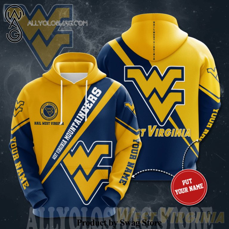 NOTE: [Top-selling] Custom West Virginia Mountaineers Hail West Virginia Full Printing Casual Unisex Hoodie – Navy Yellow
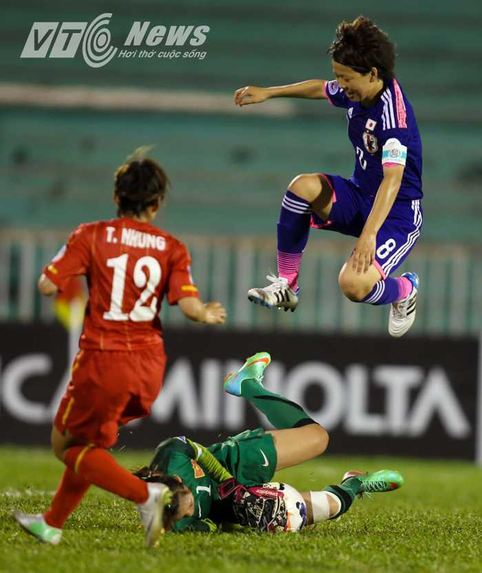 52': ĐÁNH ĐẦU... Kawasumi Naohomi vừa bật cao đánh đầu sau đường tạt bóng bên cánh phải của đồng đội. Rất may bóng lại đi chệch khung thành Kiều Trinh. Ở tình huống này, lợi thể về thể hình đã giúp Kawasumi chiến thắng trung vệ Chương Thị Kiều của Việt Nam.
════════
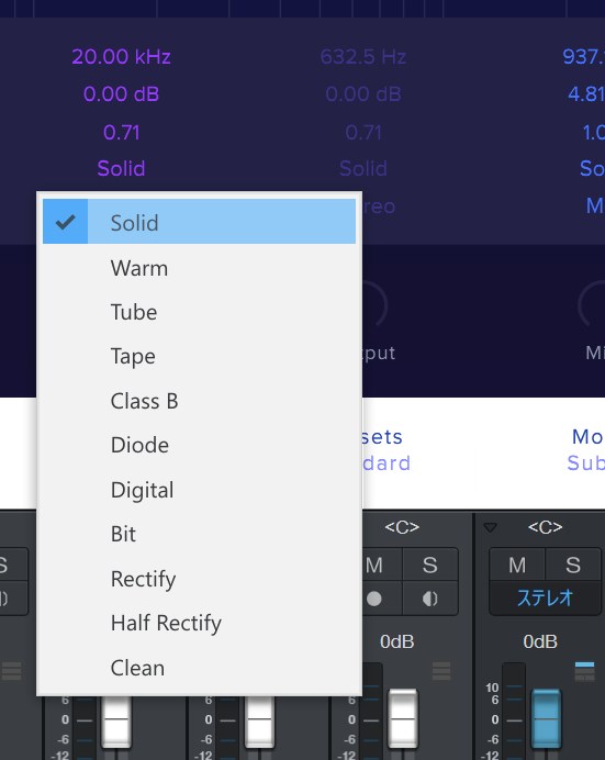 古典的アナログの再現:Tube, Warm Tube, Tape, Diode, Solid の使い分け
════════
▸ **What is required**
Repeat exactly, and only, the entries from the line with "NOTE: [Top-selling] Custom" through the line with "52': ĐÁNH ĐẦU...". Pictures are skipped.

▸ **Completed exercise**
 NOTE: [Top-selling] Custom West Virginia Mountaineers Hail West Virginia Full Printing Casual Unisex Hoodie – Navy Yellow
 52': ĐÁNH ĐẦU... Kawasumi Naohomi vừa bật cao đánh đầu sau đường tạt bóng bên cánh phải của đồng đội. Rất may bóng lại đi chệch khung thành Kiều Trinh. Ở tình huống này, lợi thể về thể hình đã giúp Kawasumi chiến thắng trung vệ Chương Thị Kiều của Việt Nam.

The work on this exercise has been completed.